Like his first brand, RGT.A will be high on quality and entirely 'Made in LA,' but otherwise is an entirely fresh start. Unlike traditional labels, RGT.A's collections will drop as limited-edition capsules when and where inspiration hits, rather than sticking to a strict season-by-season calendar.

The inaugural collection, sold exclusively at Need Supply Co., will include a reversible camo jacket, five-pocket jeans, classic oxfords, rip-stop trousers, faded sweatshirts, and graphic t-shirts. Each piece is a contemporary twist on a classic garment, all with a purposeful functionality and clean look.

Give us a primer on RGT.A. What’s the elevator pitch?
RGT.A is an apparel brand that blends classic American sportswear, military garment design, streetwear and skateboarding to produce a clean, elevated offering.
Rather than being an extension of Rogue Territory, RGT.A is a fresh direction. Still, we wonder how the original might filter into or inform the new brand.
Since RGT.A is a personal exploration of concepts outside of what we've built with RGT, there won't be a strong association, but inherently the two brands are linked because they both coexist to build a larger picture of what the RGT universe is and can be. The commonality would lie expressly in the focus on producing well crafted, made in LA garments, but styling, fit, reference material, brand voice, and approach to design will be unique to the individual brand.









"I grew up skateboarding—I loved streetwear and graphic tees and I started to explore vintage military, heritage Americana and raw denim.
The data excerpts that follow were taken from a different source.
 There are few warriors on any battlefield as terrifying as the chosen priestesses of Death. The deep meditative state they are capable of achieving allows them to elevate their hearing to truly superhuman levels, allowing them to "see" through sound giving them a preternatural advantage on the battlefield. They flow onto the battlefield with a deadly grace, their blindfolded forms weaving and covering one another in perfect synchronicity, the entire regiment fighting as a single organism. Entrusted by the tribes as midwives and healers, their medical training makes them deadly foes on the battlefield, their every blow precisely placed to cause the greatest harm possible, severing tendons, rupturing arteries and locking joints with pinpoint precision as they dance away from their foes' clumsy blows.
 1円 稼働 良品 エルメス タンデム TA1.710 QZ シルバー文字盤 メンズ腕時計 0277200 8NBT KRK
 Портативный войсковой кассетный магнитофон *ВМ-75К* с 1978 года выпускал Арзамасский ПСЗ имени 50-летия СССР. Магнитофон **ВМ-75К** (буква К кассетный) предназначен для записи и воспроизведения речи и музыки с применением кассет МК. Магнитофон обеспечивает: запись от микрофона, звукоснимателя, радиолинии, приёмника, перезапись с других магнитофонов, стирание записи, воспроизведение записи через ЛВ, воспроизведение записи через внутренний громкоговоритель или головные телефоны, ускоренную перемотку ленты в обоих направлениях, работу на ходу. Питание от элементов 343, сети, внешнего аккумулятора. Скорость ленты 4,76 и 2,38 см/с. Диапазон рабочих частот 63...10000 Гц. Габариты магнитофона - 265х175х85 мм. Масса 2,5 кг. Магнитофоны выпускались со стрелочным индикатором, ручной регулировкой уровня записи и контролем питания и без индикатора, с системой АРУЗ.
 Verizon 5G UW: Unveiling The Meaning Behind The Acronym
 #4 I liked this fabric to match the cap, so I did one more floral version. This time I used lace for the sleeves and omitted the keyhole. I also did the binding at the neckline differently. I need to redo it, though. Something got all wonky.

As my tastes evolve, I am really curious to explore what a brand could look like if it plays in all of those spaces at the same time. RGT.A is the union of all of these things."

RGT.A won't stick to a seasonal schedule, but instead will be a series of capsule collections. How often do you envision them dropping every year?
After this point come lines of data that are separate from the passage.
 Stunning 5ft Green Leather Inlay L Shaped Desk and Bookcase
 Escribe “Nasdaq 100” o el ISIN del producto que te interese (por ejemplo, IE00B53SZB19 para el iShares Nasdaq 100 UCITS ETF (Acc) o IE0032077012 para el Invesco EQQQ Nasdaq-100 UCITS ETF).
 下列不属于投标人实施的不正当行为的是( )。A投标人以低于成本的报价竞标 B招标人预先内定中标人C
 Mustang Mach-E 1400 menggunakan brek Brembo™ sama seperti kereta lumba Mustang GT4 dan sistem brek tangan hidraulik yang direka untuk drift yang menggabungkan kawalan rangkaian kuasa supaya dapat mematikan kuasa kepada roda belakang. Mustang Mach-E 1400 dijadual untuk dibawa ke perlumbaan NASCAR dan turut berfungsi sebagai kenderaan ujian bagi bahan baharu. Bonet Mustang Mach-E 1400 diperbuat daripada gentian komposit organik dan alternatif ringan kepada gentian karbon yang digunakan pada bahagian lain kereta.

The approach to RGT.A is to make things when we want, and not be limited to the schedule of the traditional fashion industry—to have the freedom and flexibility to let inspiration drive the product and its releases. Sometimes we'll work on an idea or a theme that we believe merits a collection. Other times we may just want to print some tees or make a new jacket. The idea is for the brand to be nimble enough to take an idea or concept and bring it to market in a relatively short amount of time.
How about a rundown of the inaugural collection? What's it all about and how does it relate to the larger story?
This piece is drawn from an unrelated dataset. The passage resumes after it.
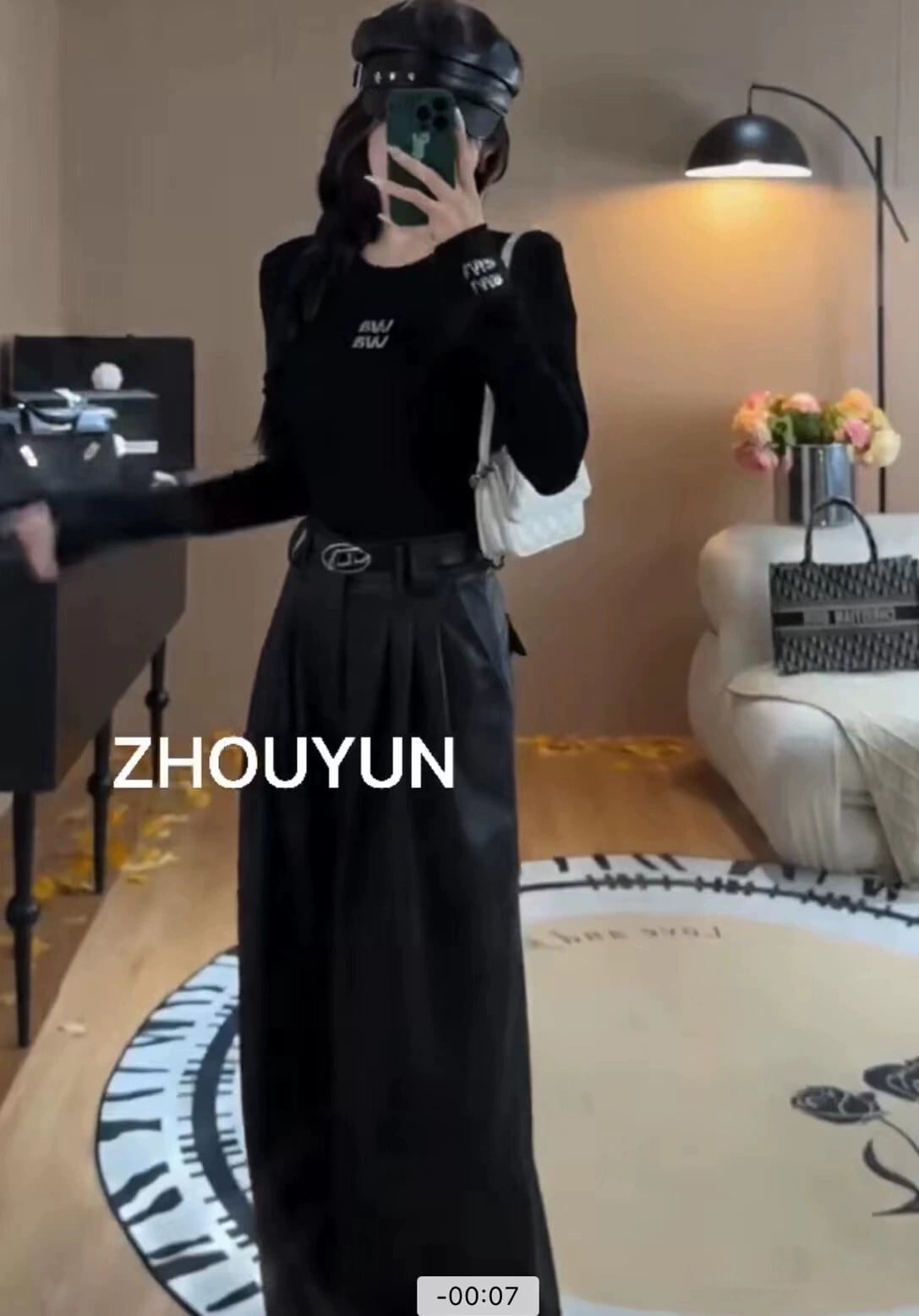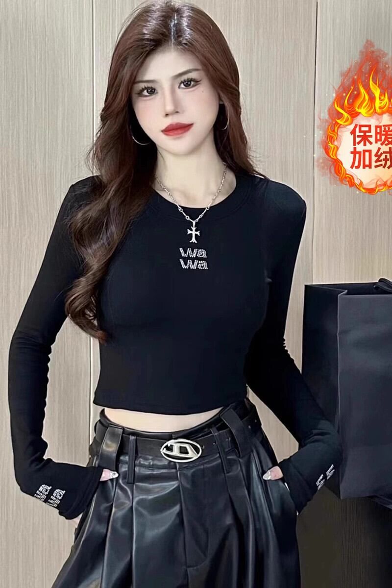 黒長袖Tシャツレディース秋冬インナー重ね着シャツ2023新文字シックショートトップ ロング ブラック オータム 秋物 ウィンター 冬物 8571654475833730

This inaugural collection was intended to act as a foundation on which to build future collections. We wanted to set the tone through imagery and styling in order to establish what RGT.A could be to our customers, not what it should be. RGT.A will feature fuller fits, simplified garment construction and bold graphic prints. As the brand progresses, graphic elements and typography will play a larger role in conveying a feeling or concept that we're inspired by.